Cheryl turned, caught him watching her, and stuck her tongue out.

He loved the woman.

EAST OF THE ROCKY MOUNTAINS

Over Wyoming the twelve-seater turbojet was twirled in the grand-daddy of all thunderstorms and they had to make a forced landing near a spot in the wilderness called Muddy Gap.

They sat on the single runway gazing out as hailstones as big as golf balls clanged and bounced off the wings. The pilot told them that he was quite seriously thinking of quitting. Sure, the pay was good, but three forced landings in two months were one hell of a strain on his nervous system. Besides, he had a wife and kids to consider.

BREAKFAST IN IDAHO

In the hotel coffee shop Cheryl thought Dan looked sickly. "How do you feel? Are you all right?"
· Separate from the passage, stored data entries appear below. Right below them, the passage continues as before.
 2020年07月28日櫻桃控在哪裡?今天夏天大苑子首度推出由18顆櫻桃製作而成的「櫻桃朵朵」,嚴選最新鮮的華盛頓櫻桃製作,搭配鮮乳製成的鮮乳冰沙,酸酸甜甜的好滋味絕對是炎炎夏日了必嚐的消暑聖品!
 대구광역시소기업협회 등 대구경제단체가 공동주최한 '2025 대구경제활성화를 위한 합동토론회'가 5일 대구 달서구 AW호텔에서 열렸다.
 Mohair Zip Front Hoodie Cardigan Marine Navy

He shrugged listlessly, scooping up cereal. "I just wish we could stop somewhere for a few days."

"I thought you wanted to see America?"

"You call this seeing it? Can't we stay somewhere?"
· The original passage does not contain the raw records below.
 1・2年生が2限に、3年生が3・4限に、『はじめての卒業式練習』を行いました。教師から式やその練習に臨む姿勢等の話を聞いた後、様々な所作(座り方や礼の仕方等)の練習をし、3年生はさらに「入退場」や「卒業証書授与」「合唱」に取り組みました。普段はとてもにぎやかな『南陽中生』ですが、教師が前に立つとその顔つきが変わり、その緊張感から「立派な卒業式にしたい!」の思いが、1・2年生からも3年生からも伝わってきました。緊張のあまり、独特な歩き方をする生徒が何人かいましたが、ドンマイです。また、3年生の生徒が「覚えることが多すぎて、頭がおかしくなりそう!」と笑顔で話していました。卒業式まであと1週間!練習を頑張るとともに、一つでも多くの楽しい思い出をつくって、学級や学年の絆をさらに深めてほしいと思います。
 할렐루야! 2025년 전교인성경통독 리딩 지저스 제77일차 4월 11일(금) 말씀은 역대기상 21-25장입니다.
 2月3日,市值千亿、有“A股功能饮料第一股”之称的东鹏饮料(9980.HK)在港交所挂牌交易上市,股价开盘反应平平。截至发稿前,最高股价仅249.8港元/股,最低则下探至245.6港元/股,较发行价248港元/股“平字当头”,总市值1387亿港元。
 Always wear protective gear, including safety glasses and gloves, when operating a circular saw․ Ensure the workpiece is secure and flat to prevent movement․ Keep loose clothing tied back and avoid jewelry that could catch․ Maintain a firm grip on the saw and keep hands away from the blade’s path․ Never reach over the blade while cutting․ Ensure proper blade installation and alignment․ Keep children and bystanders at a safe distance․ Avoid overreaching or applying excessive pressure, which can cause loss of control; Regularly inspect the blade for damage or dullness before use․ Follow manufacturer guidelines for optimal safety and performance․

Cheryl looked at Chase over her waffles and syrup. Then she said to Dan, "We do have a lot of people to meet. Gavin has meetings and interviews lined up all the way to California. It's a vacation for you, Dan, work for us."

"Some vacation."

Chase sympathized. To an active sixteen-year-old this continual moving from one hotel to another must have seemed like changing prison cells. But the itinerary was fixed and he couldn't alter or cancel it.
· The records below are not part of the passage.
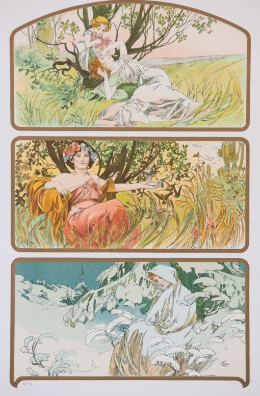 The seasons were thematic and beloved in many of Mucha‘s lithographs.  Summer, autumn and winter lounging by the same tree. Includes certificate of authenticity.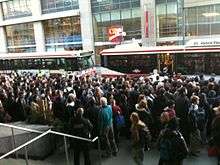 After being forced to make the information public the TTC ensured that it also released information demonstrating the efforts being taken to intervene and prevent such incidents in the future.[31] The TTC's "Gatekeeper Program" is an internal course available for front line staff to learn and identify the warning signs of someone who may be suicidal, and help them or try to prevent them from doing so on the transit system. The TTC also has partnerships with St. Michael's Hospital and other institutions to assist with both prevention programs and counselling programs for staff who have witnessed such incidents.[32] The TTC maintains that it will continue its policy of not reporting suicides and suicide-related statistics,[29] however in February 2010, statistics from 2008 and 2009 were released in a public report to the Commission regarding suicide and suicide prevention.[33] On November 10, 2014, separate suicide attempts were made, halting service on two lines. Following this, platform screen doors were discussed, however the TTC does not yet have a plan for funding the $800 million required to upgrade all 74 subway stations.[34]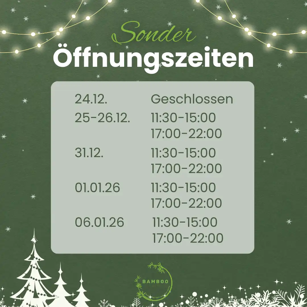 Reservieren Sie noch heute Ihren Tisch im Bamboo Restaurant, um einen harmonischen Abend mit Ihren Liebsten zu erleben. Mit der Bestätigung der E-Mail ist die Reservierung verbindlich. Wir freuen uns auf Ihren Besuch!

He said, "We'll stop for a few days when we reach the coast, fair enough?"

"The Pacific?" Dan said, brightening.

Chase nodded, avoiding Cheryl's eye. The great and glorious Pacific. He prayed that the waves still moved.

As he pressed the lever on the wrought-iron gate and stepped out of the elevator Claude Alain Lautner had only one thing on his mind. Ash-blond, five feet seven, twenty-two years of age, and her name was Marie-Rose Duvall.

They had met by chance at an embassy cocktail party--but then weren't all such providential meetings by chance? Lautner considered himself extremely lucky, at forty-four, divorced, rather lonely, to have won such a luscious young prize. He was even beginning to believe that he might be in love with her. She certainly seemed infatuated with him.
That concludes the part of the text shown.